WHAT THE TASK REQUIRES:
Print the lines below word for word, beginning with the first and ending with the line that holds "સમાચાર ડાયરીએ બહુચરાજીમાં", and skip every picture.

TASK INPUTS:
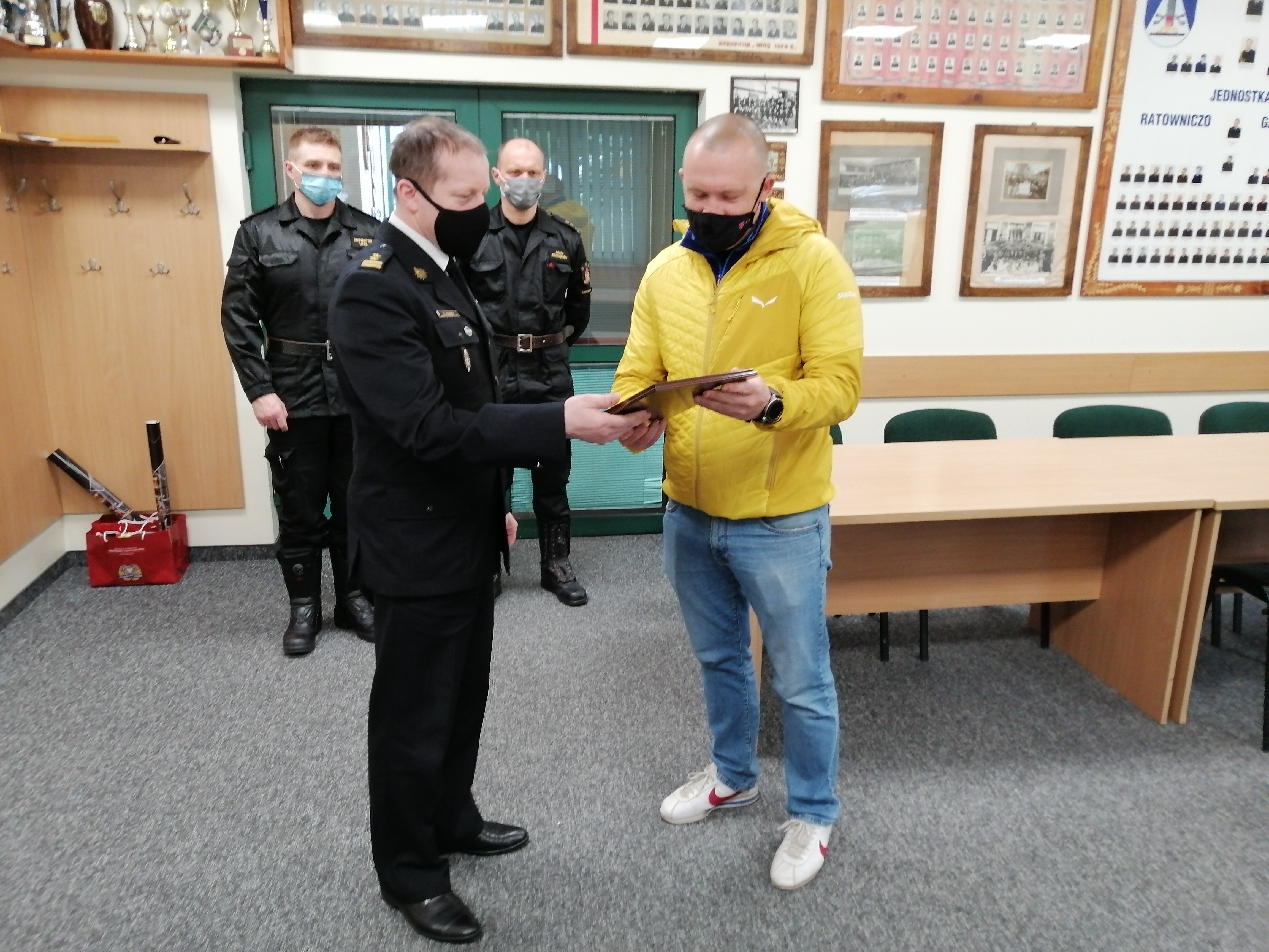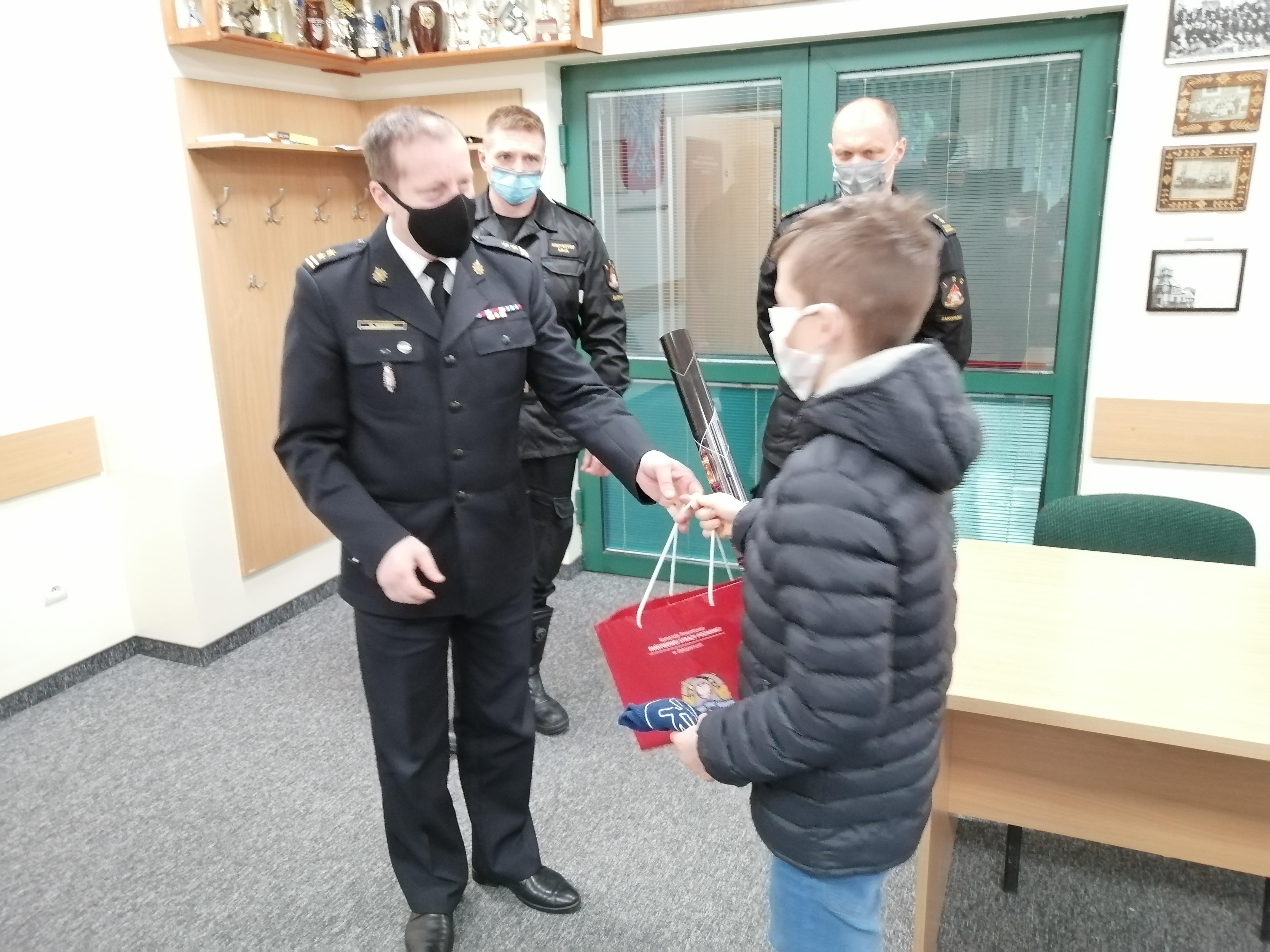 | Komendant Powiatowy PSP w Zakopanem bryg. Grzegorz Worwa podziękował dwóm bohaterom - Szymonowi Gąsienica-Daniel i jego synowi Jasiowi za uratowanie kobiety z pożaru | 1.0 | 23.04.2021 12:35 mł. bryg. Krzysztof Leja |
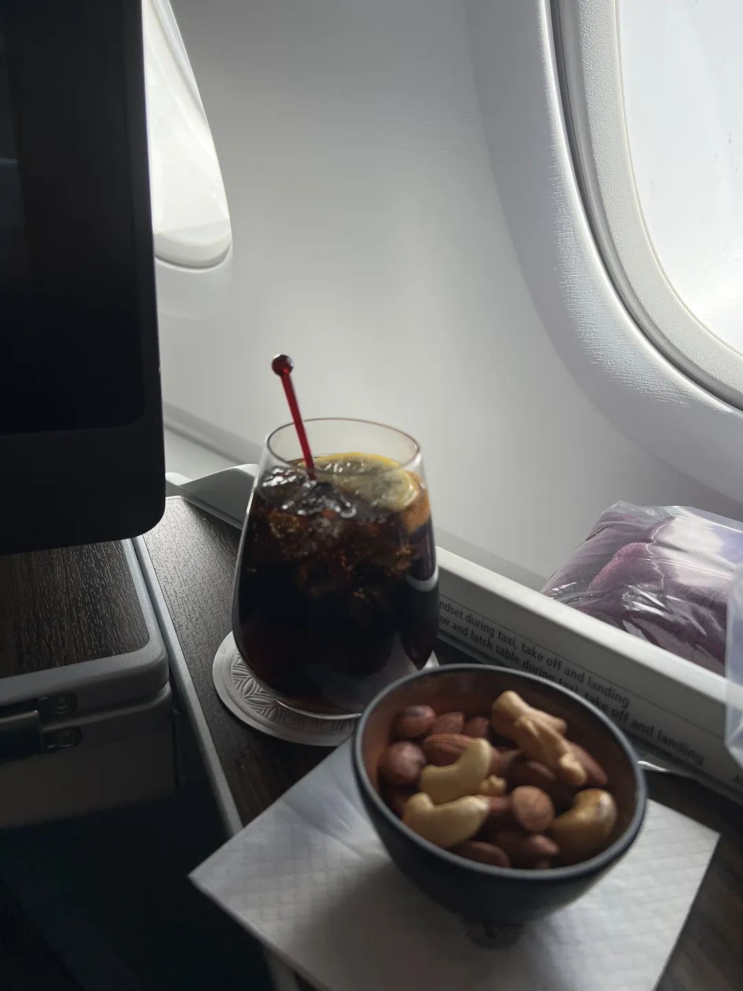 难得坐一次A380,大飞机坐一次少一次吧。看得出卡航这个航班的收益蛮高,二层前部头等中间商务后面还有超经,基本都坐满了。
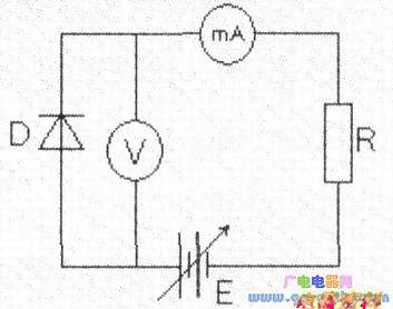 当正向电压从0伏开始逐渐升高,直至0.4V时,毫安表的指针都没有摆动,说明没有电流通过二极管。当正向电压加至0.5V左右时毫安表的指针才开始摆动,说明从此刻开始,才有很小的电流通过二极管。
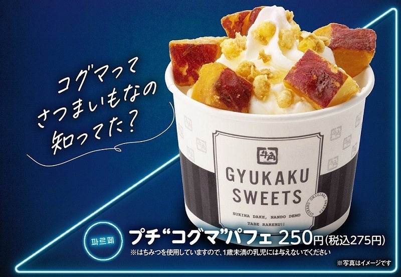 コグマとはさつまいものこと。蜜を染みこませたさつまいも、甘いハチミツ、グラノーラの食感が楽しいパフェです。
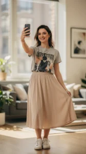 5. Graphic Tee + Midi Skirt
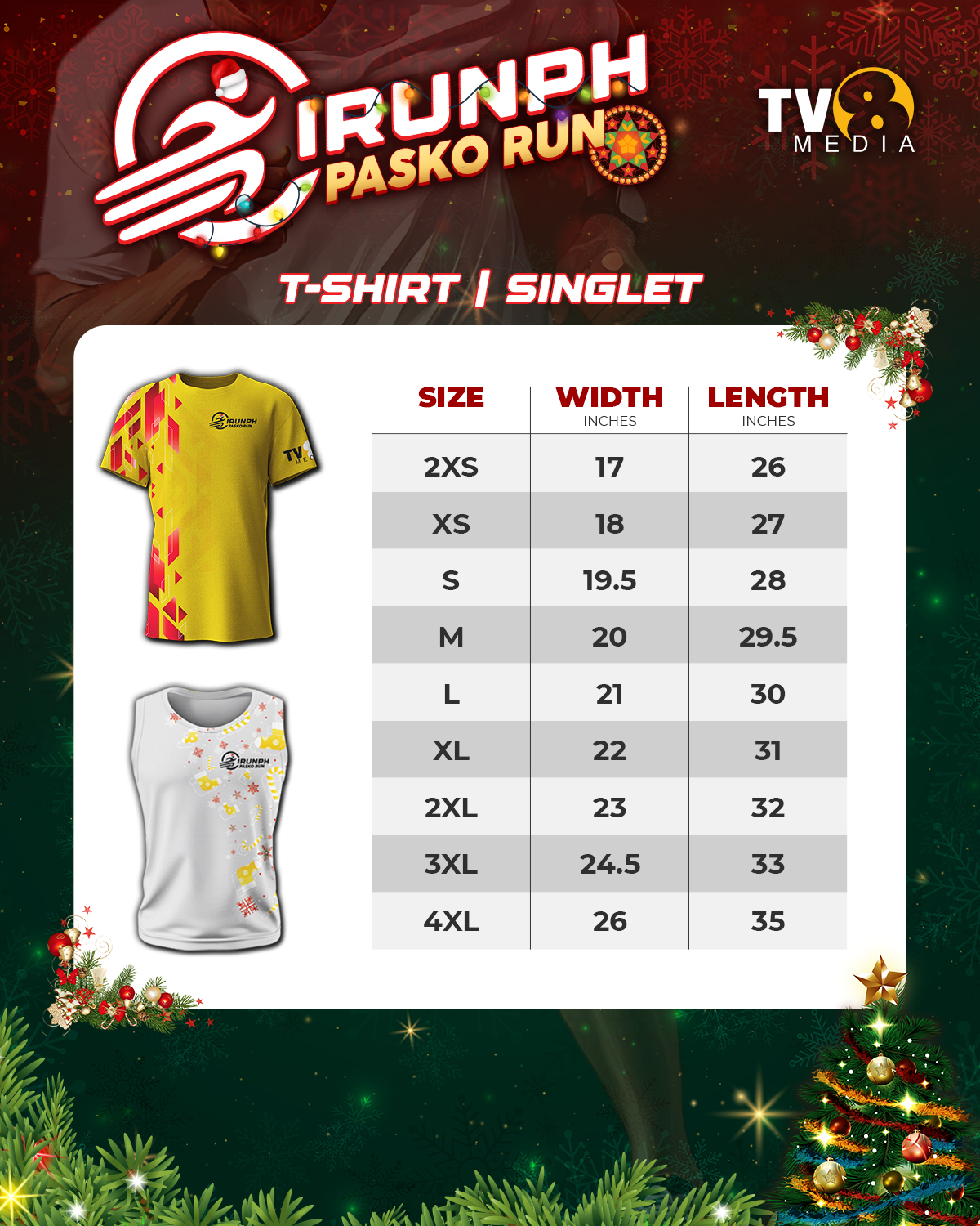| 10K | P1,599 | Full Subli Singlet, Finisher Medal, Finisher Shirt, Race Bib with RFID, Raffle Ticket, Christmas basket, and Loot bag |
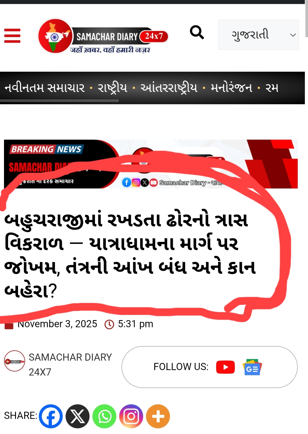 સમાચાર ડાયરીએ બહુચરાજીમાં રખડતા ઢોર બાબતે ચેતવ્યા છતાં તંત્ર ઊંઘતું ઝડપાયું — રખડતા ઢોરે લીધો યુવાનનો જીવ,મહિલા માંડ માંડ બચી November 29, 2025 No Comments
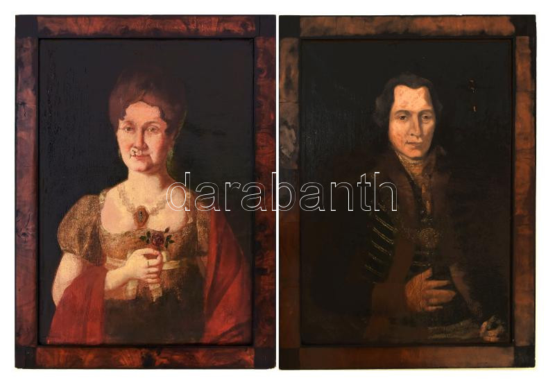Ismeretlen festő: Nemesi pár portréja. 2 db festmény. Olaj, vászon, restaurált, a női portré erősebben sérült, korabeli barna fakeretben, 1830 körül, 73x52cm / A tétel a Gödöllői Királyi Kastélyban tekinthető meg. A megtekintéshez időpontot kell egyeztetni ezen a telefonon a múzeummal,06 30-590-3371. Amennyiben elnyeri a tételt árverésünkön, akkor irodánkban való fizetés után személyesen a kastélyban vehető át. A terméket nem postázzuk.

EXERCISE ANSWER:
 | Komendant Powiatowy PSP w Zakopanem bryg. Grzegorz Worwa podziękował dwóm bohaterom - Szymonowi Gąsienica-Daniel i jego synowi Jasiowi za uratowanie kobiety z pożaru | 1.0 | 23.04.2021 12:35 mł. bryg. Krzysztof Leja |
 难得坐一次A380,大飞机坐一次少一次吧。看得出卡航这个航班的收益蛮高,二层前部头等中间商务后面还有超经,基本都坐满了。
 当正向电压从0伏开始逐渐升高,直至0.4V时,毫安表的指针都没有摆动,说明没有电流通过二极管。当正向电压加至0.5V左右时毫安表的指针才开始摆动,说明从此刻开始,才有很小的电流通过二极管。
 コグマとはさつまいものこと。蜜を染みこませたさつまいも、甘いハチミツ、グラノーラの食感が楽しいパフェです。
 5. Graphic Tee + Midi Skirt
| 10K | P1,599 | Full Subli Singlet, Finisher Medal, Finisher Shirt, Race Bib with RFID, Raffle Ticket, Christmas basket, and Loot bag |
 સમાચાર ડાયરીએ બહુચરાજીમાં રખડતા ઢોર બાબતે ચેતવ્યા છતાં તંત્ર ઊંઘતું ઝડપાયું — રખડતા ઢોરે લીધો યુવાનનો જીવ,મહિલા માંડ માંડ બચી November 29, 2025 No Comments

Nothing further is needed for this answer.